And there's the rub: do we really believe that something as massive as a national presidential campaign fundamentally shifts more than once or twice per election? It's another byproduct of millisecond news cycles: if today's story isn't game-changing, we might as well change the channel. And we can't have that. So this week, as the media grade each GOP convention speaker (game changers all!), let's test-drive a new sports analogy: game over.
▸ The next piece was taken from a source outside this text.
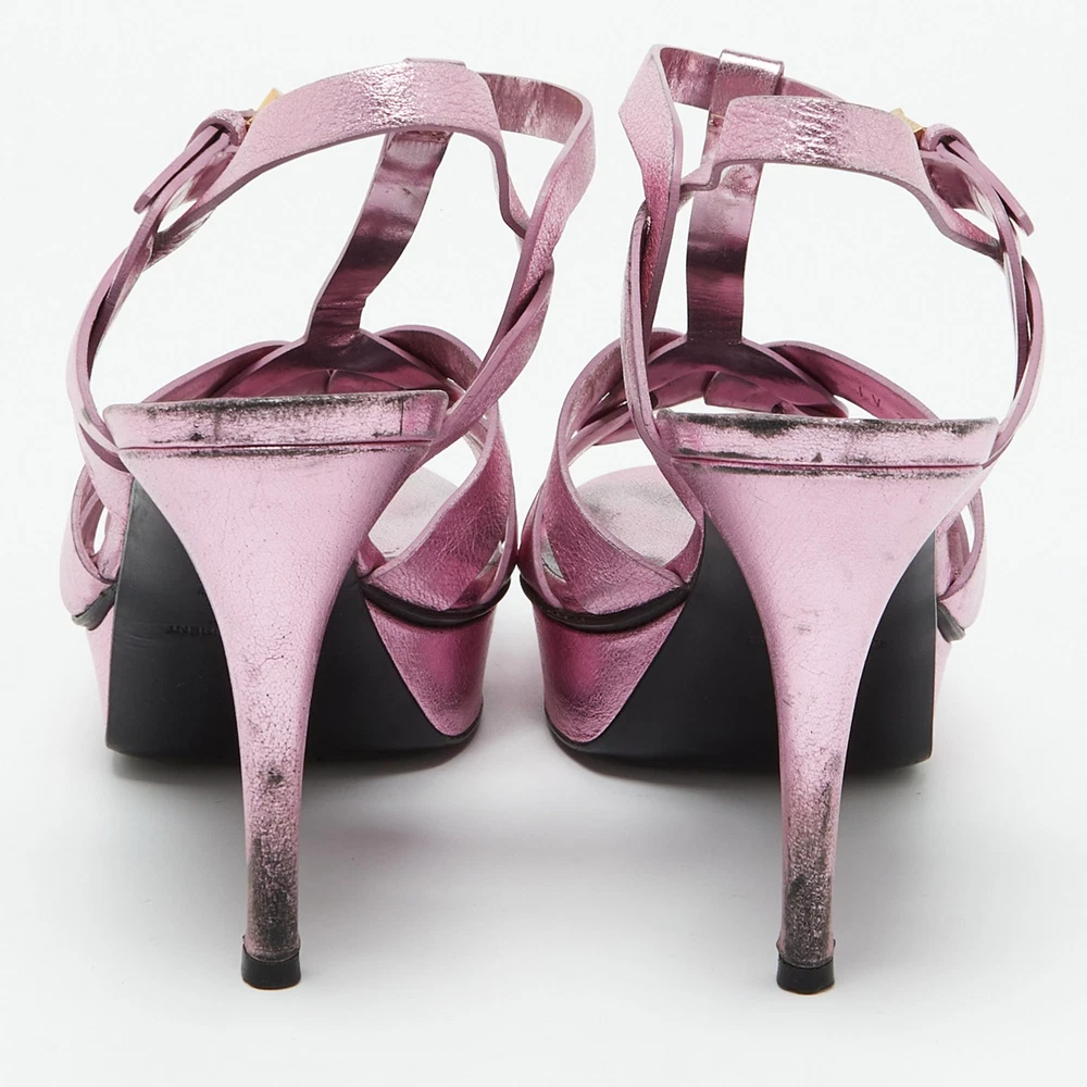 The fashionista in you will instantly fall in love with these Saint Laurent Tribute sandals They are made from metallic pink leather with intertwined straps on the vamps and ankle buckle closure. The gold tone hardware, 11cm heels, and platforms give it a fine finishing.Certified by The Luxury Closet - This item has gone through a detailed authentication process overseen by our experts. We offer a lifetime guarantee of authenticity on all our items. Import duties, taxes and charges are not included in the item price. These charges are the buyers responsibility. Please check with your country’s customs office to determine what these additional cost will be prior to buying. Our eBay Store About Us Contact Us Add to Favorite Sellers Saint Laurent Metallic Pink Leather Tribute Platform Sandals Size 40 $203.5 The fashionista in you will instantly fall in love with these Saint Laurent Tribute sandals They are made from metallic pink leather with intertwined straps on the vamps and ankle buckle closure. The gold tone hardware, 11cm heels, and platforms give it a fine finishing. Product Details Brand Color Pink Dimensions Material Leather Size 40 Outsole Width 7 cm Outsole Length 26 cm Heel Height 11 cm Includes Original Dustbag, Extra Heel Tips Certified by The Luxury Closet This item has gone through a detailed authentication process overseen by our experts. We offer a lifetime guarantee of authenticity on all our items. How We Check The in-house team of experts at The Luxury Closet is highly trained to verify the authenticity and the condition of the luxury products. They ensure that only 100% authentic items are put on sale.The evaluation process is unique with its own mix of assessment criteria and differs according to the category. Each item is evaluated based on the following combination of hallmarks, hardware, stitching, symmetry, material, craftsmanship, stamping, codes, hologram stickers, and packaging. Our authenticators also check if the items have been modified or amended (e.g., aftermarket diamonds, replaced batteries, repaired bags, etc.) International Buyers Import duties, taxes and charges are not included in the item price. These charges are the buyers responsibility. Please check with your country’s customs office to determine what these additional cost will be prior to buying.

First of all, "game over" isn't a sports analogy (or metaphor for that matter), it's a video game analogy.  Unless you say "Game over, man, game over," in which case it's a reference to the movie Aliens.
 
Furthermore how fundamental does something have to be to be "game-changing?"  It's not as if game-changing events in actual, you know, games represent complete and utter paradigm shifts.  When Brett Favre throws a momentum-swinging interception, it's not like they all of a sudden start playing hockey.  To expect that "game-changing" events during a presidential campaign will yield actual, fundamental changes is kind of the same thing.  All it means is that the status quo has changed, that yesterday's or the previous moment's expectations are obsolete.  As much as Obama and his surrogates want to deny it, McCain's selection of Sarah Palin for VP seems to have done that: a glance at the most recent CNN and Zogby polls shows that Obama's post convention bounce is all but obliterated.  
 
Do all of these putative "game-changers" end panning out?  Of course not.  Insofar as the media blusters a lot, Ms. Ball is on the ball (oh no, another sports analogy, and a bad pun to boot).  But I'd like to point out that the Rev. Wright issue wasn't resolved with Obama's "exculpatory speech on race," or even after he disowned the pastor.  Instead it was overshadowed, by Tony Rezko and by Bill Ayers, who weren't themselves game-changers but insteadn an established pattern.
 
At least the media isnt going "BOOM!" and "doink!" like John Madden while all this is going on.